Note1: Web services are not limited to the .NET Framework. The standards were defined before .NET was released, and they are exposed, used, and supported by vendors other than Microsoft.

Note2: Web services are cross platform, a service written in one language can be invoked by an application in some other language. Only requirement for accessing a service is internet connection to make http request.

As web service is cross platform, there should be some commonly understandable language for requesting service & getting response from the service. Such a standard common language is XML. That's why web services are built on XML-based standards for exchanging data.

As a result, the set of data types web services can use is limited to the set of data types recognized by the XML Schema standard. So you can use simple data types such as strings and numbers to communicate with web service and you can’t send proprietary .NET objects such as a FileStream, an Image, or an EventLog. This restriction makes a lot of sense. As other programming languages have no way to interpret these .NET objects, so even if you could devise a way to send them over the wire, the client might not be able to interpret them, which would thwart interoperability.

Note3: If you need to work with .NET proprietary objects,you can go for .NET remoting. It is a distributed technology which allows to use .NET objects. But non-.NET clients can't consume it.

Here's the list of supported data types.

Built-in types (The Basics) : The built in C# data types such as short, int, long, ushort, uint, ulong, float, double, decimal, bool, string, char, byte, and DateTime.

Custom Objects : You can object of any user defined class. If your class has methods, these methods will not be transmitted to the client.

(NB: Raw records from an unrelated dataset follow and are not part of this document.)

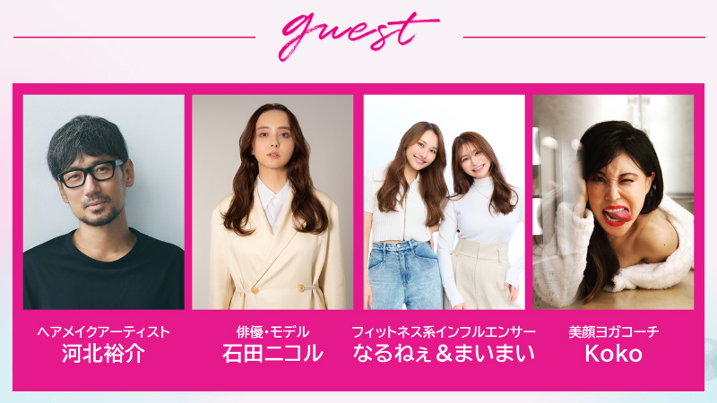 ヘアメイクアーティスト・河北裕介さんによるメイクショーや、フィットネス系インフルエンサー・なるねぇ&まいまいのフィットネス体験会も実施。石田ニコルさんや谷川りさこさん、アメリカでも話題の美顔ヨガコーチ・Kokoさんといったスペシャルゲストも登壇します。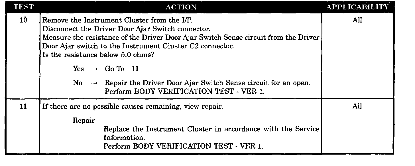 CHIME INOPERATIVE WITH KEY IN IGNITION, DRIVER'S DOOR OPEN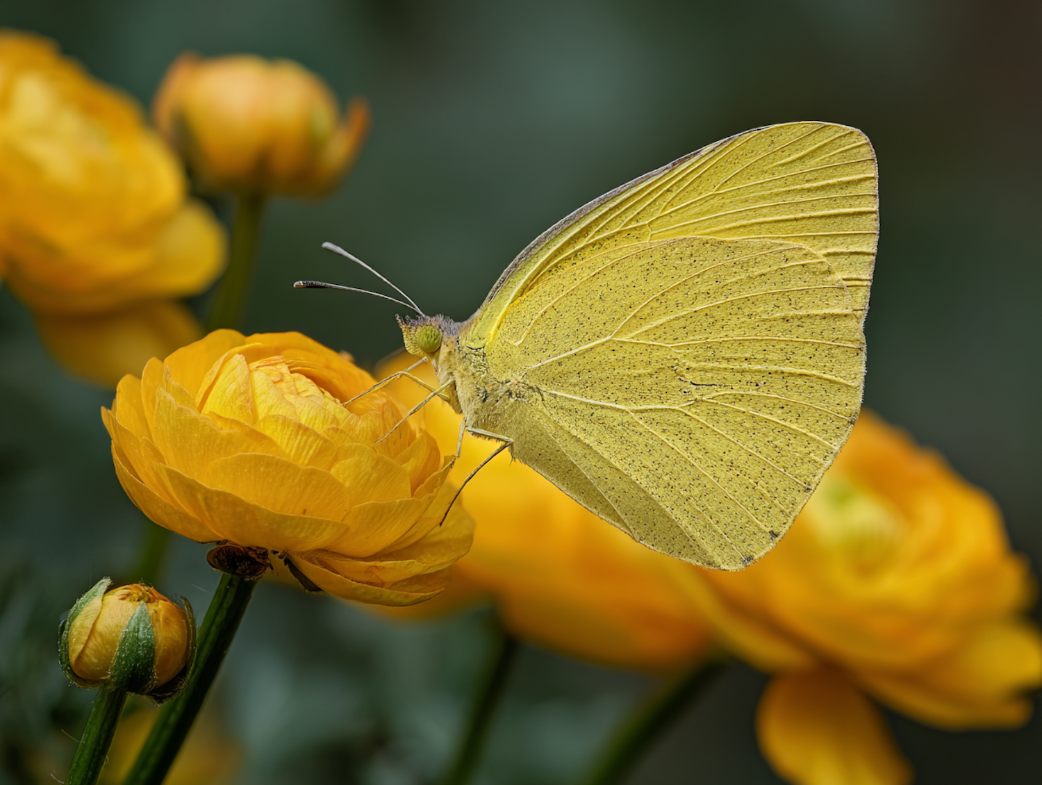 Close-up of a yellow butterfly perched on a vibrant yellow flower, surrounded by soft green and yellow natural tones in the background.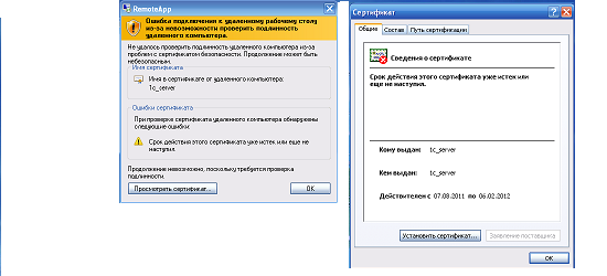 Всем привет!дело такое чрез rdp протокол на терминал сервер подключается клиентская машина, просит установить сертификат безопасности. когда начинаешь устанавливать говорит что сертификат не действителен или истек срок!со сроком все нормально и до этого я устанавливал этот сертификат все работало нормально! но периодически он ругается так!!бывает не просит!бывает ругается!пишет типа с сертификатом что то не так!! есть скрин посмотрите!буду благодарен!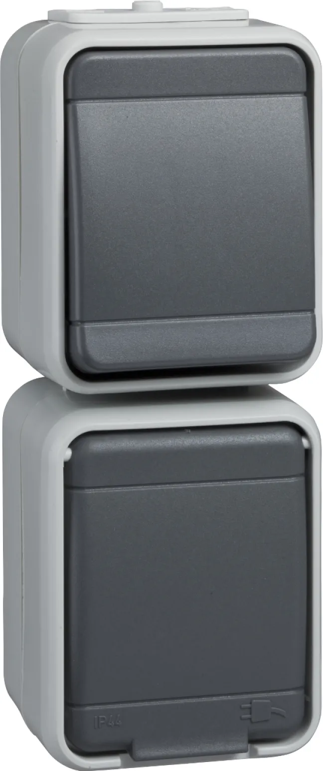 Die ELSO AP44 Schalter-Steckdosen-Kombination (Art.-Nr. 448629) vereint einen zuverlässigen Wechselschalter mit einer robusten SCHUKO-Steckdose in einem platzsparenden, senkrechten Gehäuse. Dank der spritzwassergeschützten Ausführung (IP44) eignet sich das Set ideal für Feuchträume, Keller, Garagen, Werkstätten oder überdachte Außenbereiche. Die moderne, licht-/basaltgraue Farbgebung (RAL 7035) und die matte Oberfläche sorgen für eine dezente Optik, die sich harmonisch in jede Umgebung einfügt.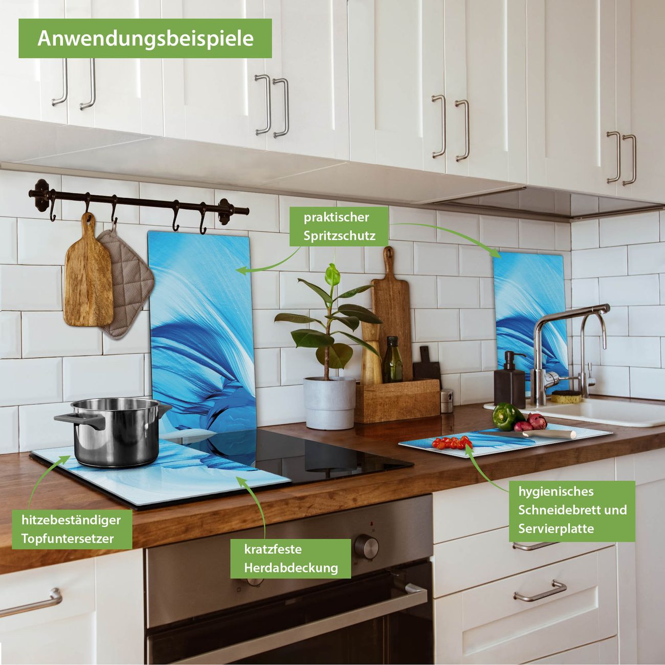 FUNKTION: Das banjado Schneidebrett mit Motiv Ewiges Eis ist groß und rutschfest und damit ideal für Ihre Küche. Besonders praktisch. Das Schneidebrett ist vielseitig einsetzbar: ob als Spritzschutz hinter dem Herd für Ihre Küche oder als Glas Schneidebrett als hygienische und geruchsneutrale Unterlage. Sie können ebenfalls heiße Töpfe und Pfannen bis 100°C auf der Herdplattenabdeckung abstellen. Sie erhalten ein Multitalent für Ihre Küche. QUALITÄT: Die Schneideplatte Glas besteht aus hochwertigem, gehärtetem und hitzebeständigem Glas. Wählen Sie aus einem unserer zahlreichen Motive das passende Design für Ihre Küche aus. DETAILS: Das Schneidebrett Glas groß ist in verschiedenen Größen verfügbar. Sie erhalten separate Gumminoppen damit Ihr großes Schneidebrett rutschfest in der Küche steht. VIELSEITIG: Das Schneidebrett modern ist ein Allrounder - als Schneideunterlage Küche direkt auf dem Herd oder separat und als Spritzschutz an der Wand aufgestellt - ein praktisches Küchenutensil. BANJADO: Auf Wunsch fertigen wir das Glas Schneide Brett auch als Sondergröße an. Mehrteilige Platten sind auch möglich. Kontaktieren Sie uns gern für eine Spezialanfertigung Ihrer Glasplatte Küche.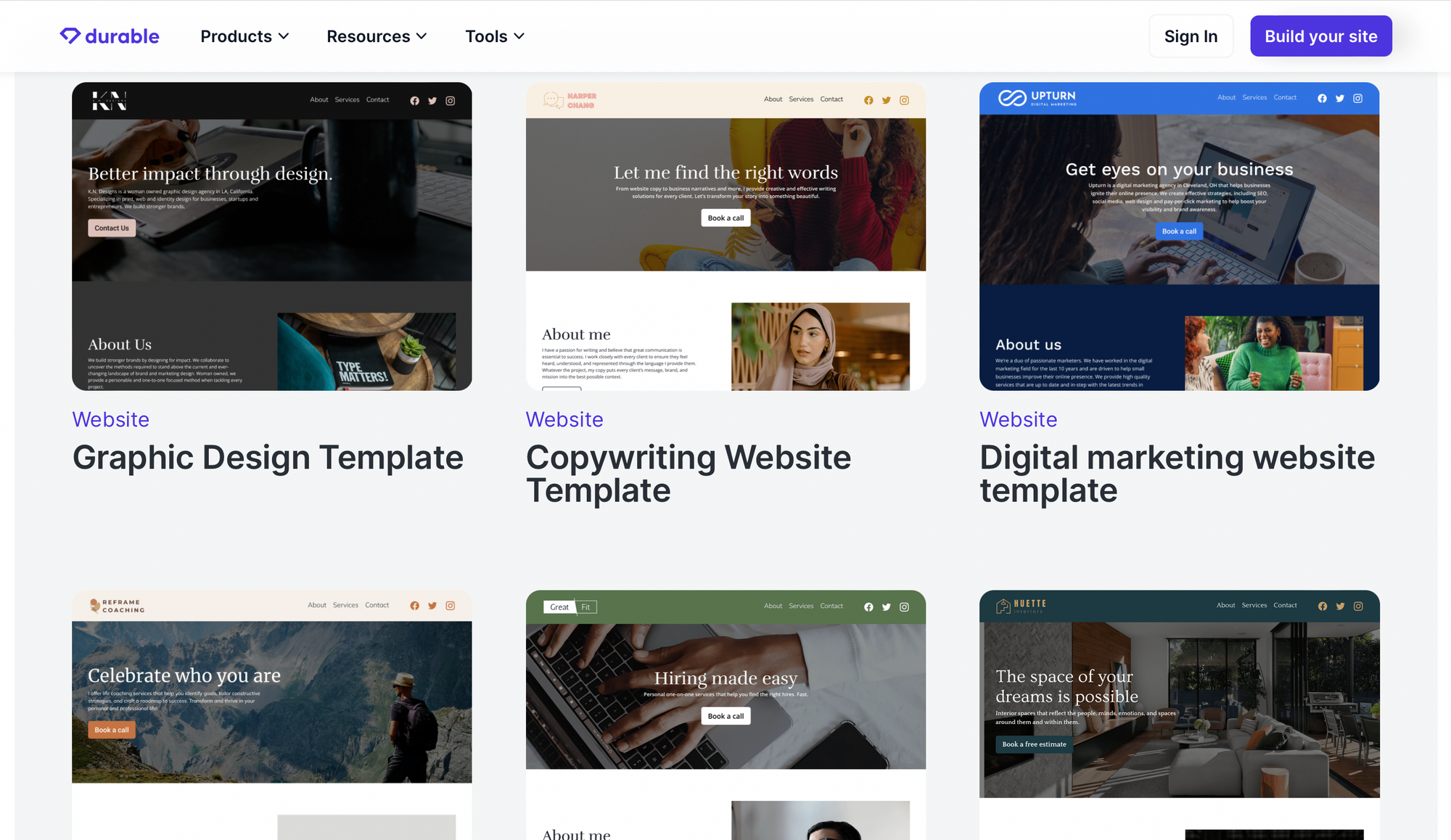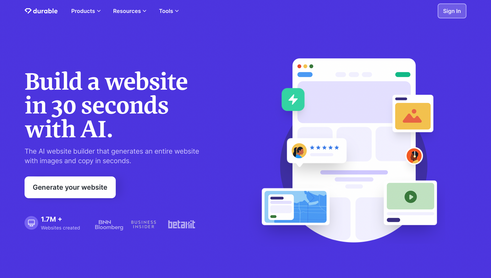 Durable — це потужна платформа, яка пропонує широкий спектр функцій, щоб допомогти власникам малого та середнього бізнесу швидко й легко створювати сайти професійної якості економічно вигідно та без навичок кодування

Arrays : Arrays of any supported type (Built-in or custom objects). You can also use an ArrayList (which is simply converted into an array).

Enumerations : Enums are supported. However, web service uses the string name of the enumeration value (not the underlying integer).

XmlNode : Objects based on System.Xml.XmlNode represent a portion of an XML document. You can use this to send arbitrary XML.

DataSet and DataTable : DataSet and DataTable are allowed. But, Other ADO.NET data objects, such as DataColumns and DataRows, aren't supported.

Create a web service

Web service is a simple asmx page.

Here I will use Visual studio 2012(though you can use any editor), with .net framework 3.5 to create a web service.

Up to framework 3.5, visual studio provides a direct template for Web service. Starting from 4, it doesn’t provide any direct template, so you need to create a web application & add web service to your application(right click on your web application → Add → New Item → WebService).

Let’s create a simple service that will return sum of 2 integers.

Open visual studio in administrator mode. File → New → Project → Select .Net Framework 3.5(on top) → Asp.net web service application → Name your project (I named it as MyWebServiceDemo) → click ok

Creating ASP.NET Web Service Application

Visual studio will create a web service boilerplate (Service1.asmx & Service1.asmx.cs) for you. Now, let's analyze this template created by visual studio.

In Service1.asmx.cs, you can notice

#1. An additional namespace System.Web.Servicesis included along with the 4 default namespaces that visual studio includes for web application.

#2. “Service1” class is inherited from “System.Web.Services.WebService”. By inheriting a class from “System.Web.Services.WebService, you can access built-in ASP.NET objects such as (Application, Session, User, Context, server). If you don't need built-in objects of .net, you don't need to inherit your service class from “WebService”.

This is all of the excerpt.